There’s a phrase UI community members are almost certain to hear emphasized a great deal more in the near future: “Public outreach.”
As the higher-education landscape changes drastically, UI officials are looking for ways to make the university more relevant to outside groups, particularly to Iowans.
That’s where the Task Force on Public Outreach and Civic Engagement comes in.
The 25-person commission held its first public forum Wednesday, taking suggestions and updating the public on its vision for how the UI will partner with communities and organizations statewide.
The committee proposed a “transformational change” that better aligns teaching, research, and service with engagement, said the panel cochairman, Professor Steve McGuire.

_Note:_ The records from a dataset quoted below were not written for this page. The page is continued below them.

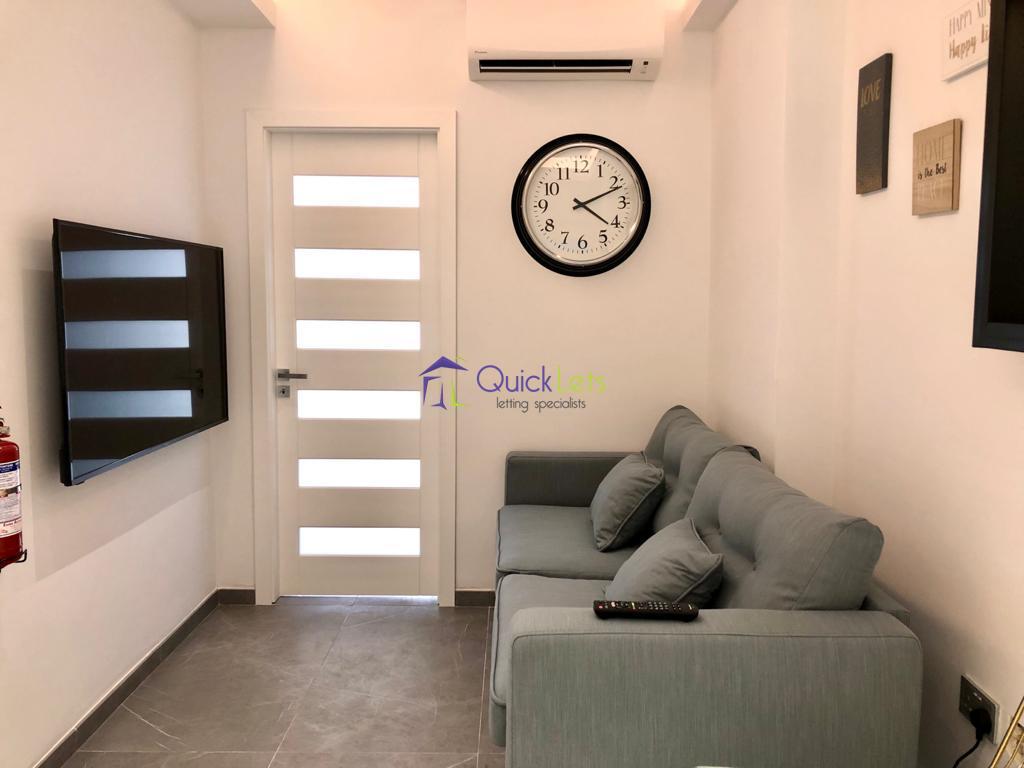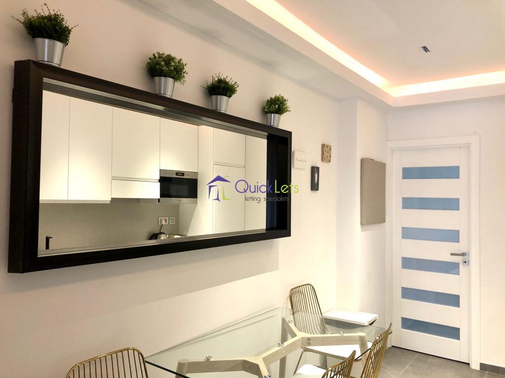 SLIEMA- Brand new two bedroom apartment in Sliema. The apartment consists of two double bedrooms, two bathrooms, kitchen, living, dining, balcony, The apartment is fully furnished and airconditioned, with washing machine, tumble dryer, LCD TV and dishwasher.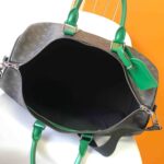 The M15253 Black/Flower Orange 55CM 163c01 size-changing chip Keepall 55 travel bag is crafted from Monogram Eclipse canvas, featuring vibrant leather trim on the flanges, borders, and side straps. It comes with a black removable adjustable shoulder strap and a matching lining, along with a zippered interior pocket for organized storage. This practical model is compact yet spacious, making it ideal as hand luggage.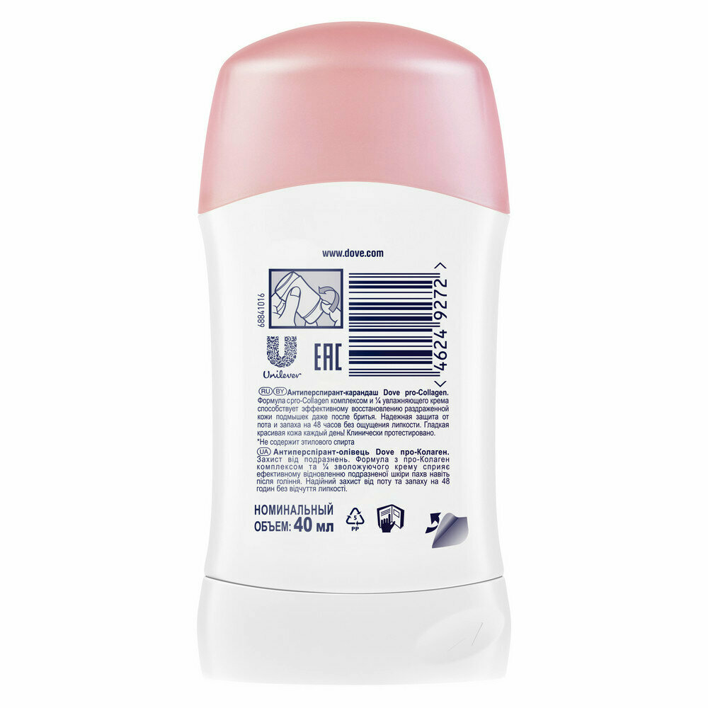 Купить Дезодорант-антиперспирант стик Dove, Pro-Collagen, 40 мл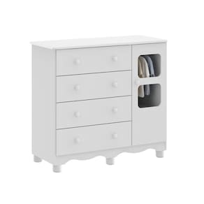 A Cômoda Uli New 1 Porta é um produto 100% MDF e possui pintura atóxica. Sua estrutura é fabricada em chapa de 12 mm, sendo o seu tampo em chapa de 15 mm. Os pés são injetados em plástico de alta resistência. Possui puxadores plásticos, cabideiro metálico e corrediças apoiadas metálicas. Sua porta possui detalhe com PETG cristal.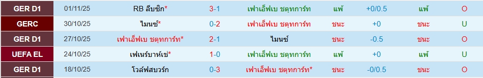 สตุ๊ตการ์ต(5นัด 8ประตู)เฟเยนูร์ด(5 นัด 18ประตู)ยูโรป้า ลีก ภาพรวมเกมนี้เจ้าบ้านเปิดเกมก่อนแน่นอน เพราะได้เล่นในบ้าน โดย 5 นัดหลังสุด สูงไป 3 เกม ทางด้านทีมเยือนเฟเยนูร์ด น่าจะมาให้รัดกุมสักหน่อย โดย 5 นัดหลังสุด สูงไป 5 เกม ราคาเปิดมาสองลูกครึ่ง ราคาสวยจัด กดโอเวอร์ไปเลย

The task force has four plans: to transform the UI in terms of engagement, partner with community colleges, expand arts and humanities engagement across Iowa, and identify an arena to coordinate faculty and staff engagement projects.
Many at the UI are already involved with the community, but there is little structure to publicize their efforts, and much is only discovered throughout the institution by word-of-mouth.
“Right now, we don’t know the projects — all the projects — people are doing,” McGuire said.
Better engagement would allow the UI to “harvest the lessons learned from experience,” he said.
UI political-science Professor Tom Rice’s citizen survey in Washington, Iowa, conducted this past summer, is an example of outreach efforts that benefit both the community and students.
He said several Iowa cities could benefit from citizen surveys, but a typical survey of 500 people costs around $20,000 to $30,000.
So this past summer, Rice, and a group of high-school and UI students conducted a poll for Washington, Iowa, officials, asking questions they wanted to know but never had the money to ask, while simultaneously providing students with beneficial and marketable skills.
“It was a great experience,” he said.
Rice said he wants to start a class next spring that would conduct similar citizen surveys for other Iowa towns.
“To me, it’s a win-win all the way around,” he said. “It meets the definition of outreach and then some. It has value added … We think it’s an excellent way to give students in political science the kind of applied skills they wouldn’t otherwise get.”
But for some, there may be little incentive to partake in public engagement, because it might not count toward tenure.
“This is a huge question,” said Rice. “In good conscience, I can’t recommend my junior faculty to do this kind of research unless they have the traditional scholarship in place. We need to be able to reward them for outreach that is serious.”
One of the committee’s preliminary goals is to provide incentives for faculty and staff to engage the public.
The task force, which is one of six created to help guide the UI’s overall strategic mission, will host one more public forum on Nov. 10. Members will then submit a report to the Provost’s Office by Dec. 1 on how the UI can improve public engagement.